Specific embodiment provided by the invention is as follows:
The present invention is particularly suitable for having the iris authentication system of extensive iris database.What adopt as the self-service boarding system on certain airport is iris recognition technology, and the fugitive suspect's of this system and public security bureau iris database (scale probably has 1,000,000) links to each other.Because embezzlement is ordered to arrest by public security organ, his iris information just has been put in fugitive suspect's the iris database (being also referred to as blacklist) as Zhang San.When Zhang San disguises oneself, use counterfeit passport to prepare to run away by air, by plane, when using self-service boarding system, Zhang San's iris image has been taken by system, automatically extract its classification information, at last iris image enrollment generic in this iris image and the blacklist is compared one by one, confirmed Zhang San's true identity, self-service boarding system begins to report to the police, and whole process was just finished within 5 seconds.Though Zhang San has forged certificate, he is still arrested and is brought to justice under help of the present invention.
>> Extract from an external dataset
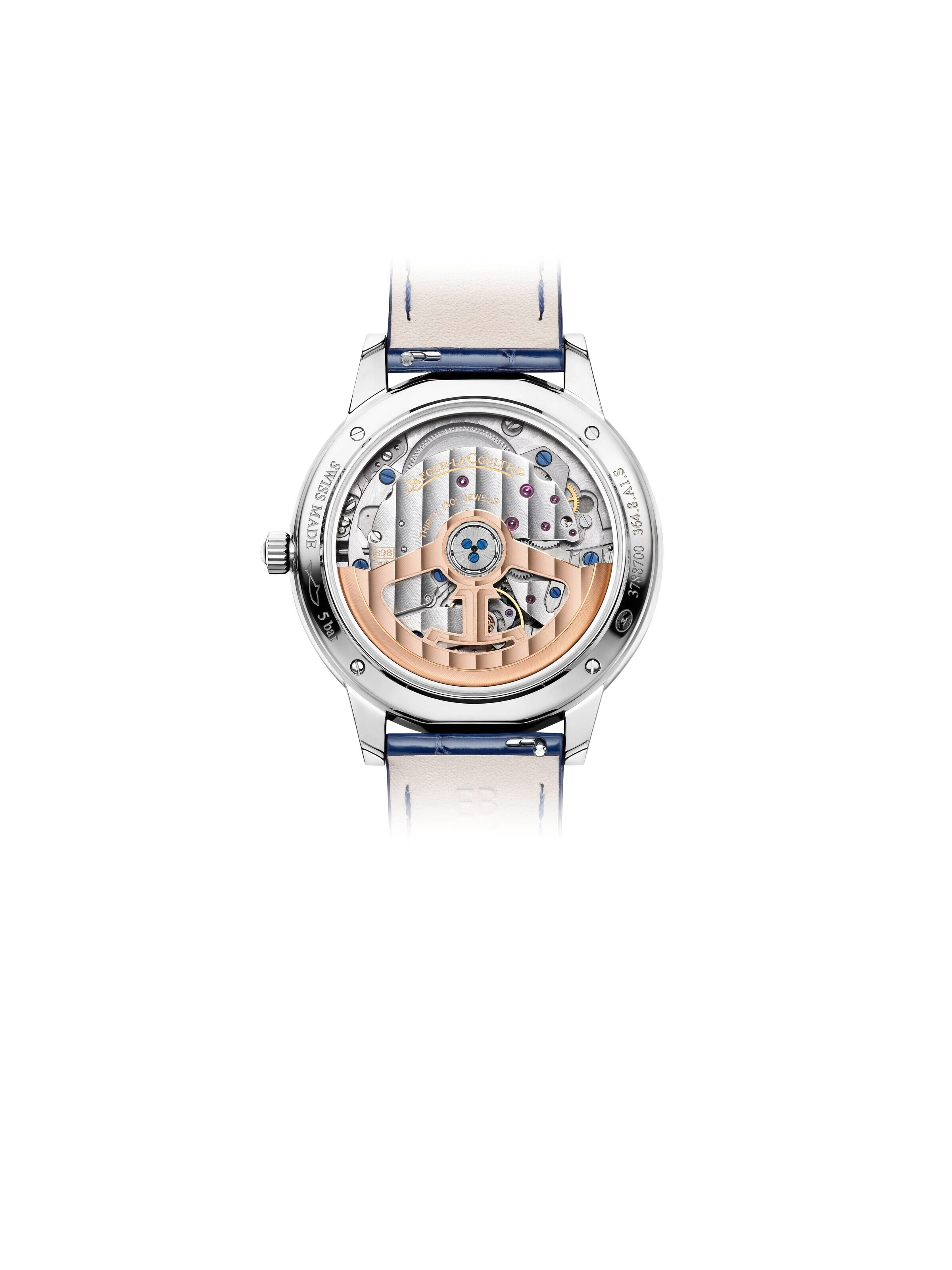 Refined elegance meets precision watchmaking: this Jaeger-LeCoultre wristwatch (Ref. 3448411) displays the time in a particularly balanced form. The 34-millimeter stainless steel case sits comfortably on the wrist and frames a silver-colored dial, which has a clear yet luxurious look with diamond accents and Arabic numerals. Slim hands and a central seconds hand ensure a harmonious and easy-to-read display of the time. Inside, the automatic manufacture caliber 898A/1 offers a power reserve of up to 40 hours and meets the high standards of the 1000 Hours Control. A blue alligator leather strap with a folding clasp complements the elegant character and gives the timepiece a striking yet timeless touch that is just as impressive in everyday life as it is on special occasions.

The present invention can be the gordian technique in the iris authentication system of future generation at the overall performance that effectively improves iris authentication system aspect recognition speed and the accuracy rate.
The above; only be the embodiment among the present invention; but protection scope of the present invention is not limited thereto; anyly be familiar with the people of this technology in the disclosed technical scope of the present invention; can understand conversion or the replacement expected; all should be encompassed in of the present invention comprising within the scope, therefore, protection scope of the present invention should be as the criterion with the protection domain of claims.